The project is organized into the following key directories and files:
├── model
│ └── train_model.py # Train and save the logistic regression model
│ └── test_model.py # Unit tests for the model
│ └── logistic_model.pkl # trained logistic regression model (needs to be trained first)
├── api
│ ├── app.py # Flask API to serve predictions and log data to PostgreSQL
│ └── test_app.py # Unit tests for the API
├── db/
│ └── init.sql # SQL script to create the prediction_logs table
├── static
│ └── index.html # Static HTML form to call the API
├── Dockerfile # Dockerfile for containerizing the Flask API
├── docker-compose.yml # Docker Compose configuration (starts API and PostgreSQL containers)
├── requirements.txt # Python dependencies
└── .github
│ └── workflows
│ └── deploy.yml # GitHub Actions workflows for deploying to cloud
Your task is to develop a simple end-to-end system that:
- Trains a basic logistic regression model (using scikit-learn)

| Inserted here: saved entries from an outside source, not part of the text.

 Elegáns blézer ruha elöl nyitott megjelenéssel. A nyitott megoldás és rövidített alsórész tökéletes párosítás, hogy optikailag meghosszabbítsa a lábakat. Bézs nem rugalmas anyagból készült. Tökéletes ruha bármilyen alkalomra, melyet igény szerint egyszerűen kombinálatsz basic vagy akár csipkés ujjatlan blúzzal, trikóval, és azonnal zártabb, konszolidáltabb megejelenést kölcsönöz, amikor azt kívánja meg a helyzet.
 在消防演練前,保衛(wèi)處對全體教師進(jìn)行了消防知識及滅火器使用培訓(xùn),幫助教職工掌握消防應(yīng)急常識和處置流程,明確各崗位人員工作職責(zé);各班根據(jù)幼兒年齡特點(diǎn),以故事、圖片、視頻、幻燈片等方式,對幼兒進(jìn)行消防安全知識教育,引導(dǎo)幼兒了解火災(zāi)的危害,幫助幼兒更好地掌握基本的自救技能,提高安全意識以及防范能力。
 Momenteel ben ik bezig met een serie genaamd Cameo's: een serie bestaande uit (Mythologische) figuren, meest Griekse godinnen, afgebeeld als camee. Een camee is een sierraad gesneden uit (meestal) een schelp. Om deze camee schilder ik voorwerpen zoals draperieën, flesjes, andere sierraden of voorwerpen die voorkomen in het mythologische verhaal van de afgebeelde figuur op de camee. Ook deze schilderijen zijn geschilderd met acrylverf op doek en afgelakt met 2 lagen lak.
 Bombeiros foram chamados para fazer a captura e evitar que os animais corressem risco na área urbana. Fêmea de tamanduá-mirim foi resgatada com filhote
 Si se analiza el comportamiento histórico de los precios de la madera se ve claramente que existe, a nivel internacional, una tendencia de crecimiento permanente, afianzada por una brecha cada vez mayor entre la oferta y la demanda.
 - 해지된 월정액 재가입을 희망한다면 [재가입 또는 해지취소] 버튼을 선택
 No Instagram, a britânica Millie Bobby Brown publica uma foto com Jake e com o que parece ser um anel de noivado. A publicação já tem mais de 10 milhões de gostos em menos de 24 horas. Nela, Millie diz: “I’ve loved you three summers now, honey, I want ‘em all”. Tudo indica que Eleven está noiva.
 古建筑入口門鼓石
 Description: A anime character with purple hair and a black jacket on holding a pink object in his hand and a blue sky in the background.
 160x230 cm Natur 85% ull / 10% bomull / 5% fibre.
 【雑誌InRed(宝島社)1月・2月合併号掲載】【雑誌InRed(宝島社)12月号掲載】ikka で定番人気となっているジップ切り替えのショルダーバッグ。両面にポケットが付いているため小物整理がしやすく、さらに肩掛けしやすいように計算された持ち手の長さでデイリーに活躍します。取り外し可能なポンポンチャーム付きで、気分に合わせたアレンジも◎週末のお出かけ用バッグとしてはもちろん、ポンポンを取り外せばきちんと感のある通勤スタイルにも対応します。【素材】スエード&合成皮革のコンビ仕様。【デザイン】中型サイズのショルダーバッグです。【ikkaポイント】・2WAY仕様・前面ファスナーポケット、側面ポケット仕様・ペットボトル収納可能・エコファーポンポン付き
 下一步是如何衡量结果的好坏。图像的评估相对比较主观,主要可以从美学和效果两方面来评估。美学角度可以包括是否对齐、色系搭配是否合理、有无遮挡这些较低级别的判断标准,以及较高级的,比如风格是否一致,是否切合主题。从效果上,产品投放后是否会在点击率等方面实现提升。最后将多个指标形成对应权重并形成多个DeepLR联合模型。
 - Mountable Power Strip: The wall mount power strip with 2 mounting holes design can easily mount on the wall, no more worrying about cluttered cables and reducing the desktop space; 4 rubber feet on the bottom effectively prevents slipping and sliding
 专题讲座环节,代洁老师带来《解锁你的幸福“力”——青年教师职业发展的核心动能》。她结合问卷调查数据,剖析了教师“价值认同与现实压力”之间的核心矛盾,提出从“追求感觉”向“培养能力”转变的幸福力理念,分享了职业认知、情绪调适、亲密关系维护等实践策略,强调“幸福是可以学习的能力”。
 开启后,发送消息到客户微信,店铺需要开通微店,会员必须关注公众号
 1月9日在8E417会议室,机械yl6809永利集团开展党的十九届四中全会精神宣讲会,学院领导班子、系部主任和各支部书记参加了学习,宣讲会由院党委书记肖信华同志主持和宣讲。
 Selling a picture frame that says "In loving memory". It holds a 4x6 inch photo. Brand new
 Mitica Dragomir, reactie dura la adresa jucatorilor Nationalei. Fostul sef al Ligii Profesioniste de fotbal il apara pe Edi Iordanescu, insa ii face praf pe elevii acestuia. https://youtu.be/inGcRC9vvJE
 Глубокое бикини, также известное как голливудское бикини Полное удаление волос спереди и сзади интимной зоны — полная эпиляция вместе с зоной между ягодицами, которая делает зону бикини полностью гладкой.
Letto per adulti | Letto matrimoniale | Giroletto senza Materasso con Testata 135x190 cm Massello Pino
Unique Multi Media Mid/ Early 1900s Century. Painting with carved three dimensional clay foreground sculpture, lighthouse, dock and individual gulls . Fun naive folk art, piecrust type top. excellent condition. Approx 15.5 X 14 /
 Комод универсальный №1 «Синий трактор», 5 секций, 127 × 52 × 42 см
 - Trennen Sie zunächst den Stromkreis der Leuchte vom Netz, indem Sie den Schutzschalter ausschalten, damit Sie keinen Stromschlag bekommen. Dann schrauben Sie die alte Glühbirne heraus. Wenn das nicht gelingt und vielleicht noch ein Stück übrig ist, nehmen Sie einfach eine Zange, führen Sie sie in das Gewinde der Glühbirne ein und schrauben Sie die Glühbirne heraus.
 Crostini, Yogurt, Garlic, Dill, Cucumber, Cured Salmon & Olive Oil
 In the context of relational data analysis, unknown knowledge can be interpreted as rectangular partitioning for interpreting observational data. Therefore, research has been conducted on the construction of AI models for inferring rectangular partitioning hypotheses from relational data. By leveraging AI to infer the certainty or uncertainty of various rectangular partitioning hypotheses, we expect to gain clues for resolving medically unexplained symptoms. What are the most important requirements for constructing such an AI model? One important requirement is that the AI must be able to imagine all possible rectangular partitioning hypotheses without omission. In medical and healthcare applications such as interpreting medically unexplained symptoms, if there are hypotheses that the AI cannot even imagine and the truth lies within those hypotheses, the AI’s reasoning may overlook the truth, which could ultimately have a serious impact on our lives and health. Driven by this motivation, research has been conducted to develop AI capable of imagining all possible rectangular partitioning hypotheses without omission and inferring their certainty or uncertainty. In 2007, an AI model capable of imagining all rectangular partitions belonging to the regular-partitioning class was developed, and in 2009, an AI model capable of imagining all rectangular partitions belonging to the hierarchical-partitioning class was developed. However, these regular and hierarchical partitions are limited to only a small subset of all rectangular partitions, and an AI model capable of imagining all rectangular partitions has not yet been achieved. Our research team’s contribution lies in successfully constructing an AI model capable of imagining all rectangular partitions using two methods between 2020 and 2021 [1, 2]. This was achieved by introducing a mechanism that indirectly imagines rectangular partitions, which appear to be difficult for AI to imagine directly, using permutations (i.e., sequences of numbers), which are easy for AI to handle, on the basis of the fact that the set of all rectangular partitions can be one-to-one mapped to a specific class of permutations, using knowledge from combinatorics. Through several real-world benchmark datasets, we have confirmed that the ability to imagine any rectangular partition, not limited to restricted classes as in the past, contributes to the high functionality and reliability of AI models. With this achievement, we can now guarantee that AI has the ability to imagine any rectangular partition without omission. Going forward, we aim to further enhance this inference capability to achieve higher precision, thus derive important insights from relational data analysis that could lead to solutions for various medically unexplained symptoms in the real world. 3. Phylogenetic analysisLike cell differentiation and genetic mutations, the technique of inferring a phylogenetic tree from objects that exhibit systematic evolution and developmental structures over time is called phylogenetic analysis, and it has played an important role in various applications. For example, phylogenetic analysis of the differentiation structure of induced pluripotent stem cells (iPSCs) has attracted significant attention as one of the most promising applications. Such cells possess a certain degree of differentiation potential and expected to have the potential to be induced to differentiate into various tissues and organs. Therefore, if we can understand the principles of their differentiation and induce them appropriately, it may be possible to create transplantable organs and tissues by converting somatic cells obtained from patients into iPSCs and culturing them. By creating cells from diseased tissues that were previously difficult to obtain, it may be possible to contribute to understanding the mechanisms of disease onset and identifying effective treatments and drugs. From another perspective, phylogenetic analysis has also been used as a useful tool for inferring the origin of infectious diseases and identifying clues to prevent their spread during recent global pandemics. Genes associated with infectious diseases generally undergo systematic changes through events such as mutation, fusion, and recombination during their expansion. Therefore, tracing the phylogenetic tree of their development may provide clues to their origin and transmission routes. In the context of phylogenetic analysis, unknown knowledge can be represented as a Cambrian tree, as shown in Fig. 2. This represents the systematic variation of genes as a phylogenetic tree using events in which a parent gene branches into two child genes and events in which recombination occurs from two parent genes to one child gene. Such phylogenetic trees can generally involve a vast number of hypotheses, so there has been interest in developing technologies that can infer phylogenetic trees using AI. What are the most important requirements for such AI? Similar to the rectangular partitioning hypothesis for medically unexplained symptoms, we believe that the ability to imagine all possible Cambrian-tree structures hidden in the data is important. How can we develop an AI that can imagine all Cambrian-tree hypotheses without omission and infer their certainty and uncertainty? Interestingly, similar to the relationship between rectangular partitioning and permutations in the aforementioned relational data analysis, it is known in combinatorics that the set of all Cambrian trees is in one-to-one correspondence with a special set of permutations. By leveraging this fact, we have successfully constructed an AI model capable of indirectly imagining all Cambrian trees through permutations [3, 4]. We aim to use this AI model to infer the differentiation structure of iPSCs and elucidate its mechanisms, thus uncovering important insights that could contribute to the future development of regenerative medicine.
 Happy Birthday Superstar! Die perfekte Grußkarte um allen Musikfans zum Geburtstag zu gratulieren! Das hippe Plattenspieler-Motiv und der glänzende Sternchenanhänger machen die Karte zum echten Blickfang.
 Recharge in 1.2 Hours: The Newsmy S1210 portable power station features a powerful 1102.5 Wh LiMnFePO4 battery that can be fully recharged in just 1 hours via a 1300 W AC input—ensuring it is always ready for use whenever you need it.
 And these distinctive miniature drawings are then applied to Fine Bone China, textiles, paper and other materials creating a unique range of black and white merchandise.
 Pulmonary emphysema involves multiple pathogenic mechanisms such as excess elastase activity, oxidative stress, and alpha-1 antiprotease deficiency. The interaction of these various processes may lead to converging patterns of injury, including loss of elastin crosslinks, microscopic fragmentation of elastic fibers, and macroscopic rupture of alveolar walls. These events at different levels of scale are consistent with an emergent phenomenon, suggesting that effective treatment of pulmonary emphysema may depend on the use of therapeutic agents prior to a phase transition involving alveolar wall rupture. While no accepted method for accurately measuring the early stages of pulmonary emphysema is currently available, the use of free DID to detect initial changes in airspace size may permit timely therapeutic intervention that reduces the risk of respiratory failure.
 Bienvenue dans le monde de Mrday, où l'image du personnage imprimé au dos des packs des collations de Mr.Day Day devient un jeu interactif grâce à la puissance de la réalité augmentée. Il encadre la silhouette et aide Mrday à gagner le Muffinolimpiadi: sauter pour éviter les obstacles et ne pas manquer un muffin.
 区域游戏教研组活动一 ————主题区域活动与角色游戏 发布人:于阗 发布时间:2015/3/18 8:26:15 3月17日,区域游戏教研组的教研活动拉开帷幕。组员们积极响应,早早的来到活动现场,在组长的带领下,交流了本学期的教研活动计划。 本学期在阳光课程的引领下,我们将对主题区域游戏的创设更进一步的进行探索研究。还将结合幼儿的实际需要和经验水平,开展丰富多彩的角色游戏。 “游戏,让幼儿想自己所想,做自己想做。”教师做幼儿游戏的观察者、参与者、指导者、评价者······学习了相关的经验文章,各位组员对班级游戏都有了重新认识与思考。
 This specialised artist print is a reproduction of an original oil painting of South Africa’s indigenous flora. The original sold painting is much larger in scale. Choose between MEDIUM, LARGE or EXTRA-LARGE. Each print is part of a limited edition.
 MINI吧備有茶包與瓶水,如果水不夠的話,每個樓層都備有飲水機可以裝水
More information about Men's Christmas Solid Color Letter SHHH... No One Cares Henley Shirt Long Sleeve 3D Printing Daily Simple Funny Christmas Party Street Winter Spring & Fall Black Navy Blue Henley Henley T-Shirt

- Serves the model via a Flask API
- Logs API calls and predictions in a PostgreSQL database
- Containerizes the components with Docker
- Deploys the pipeline to a cloud platform (using free credits)
- Develops API documentation (and optionally a Postman script) so other groups can use your API
-
Forking the Base Repository
- One group should fork the provided base repository. This repo will serve as your project starting point.
- The main group member (team lead) should then add the other team members as collaborators to the group repository.
-
Cloning and Contributing
- Each team member should clone the main group repository to their local machines.
- All initial contributions should be made directly into this single repository.
- Once you become comfortable with the workflow, experiment by having individual team members fork the group repository into their own personal repos.
- Practice making pull requests (PRs) from these forks. Each PR must be reviewed and approved by at least two team members before merging into the main repository.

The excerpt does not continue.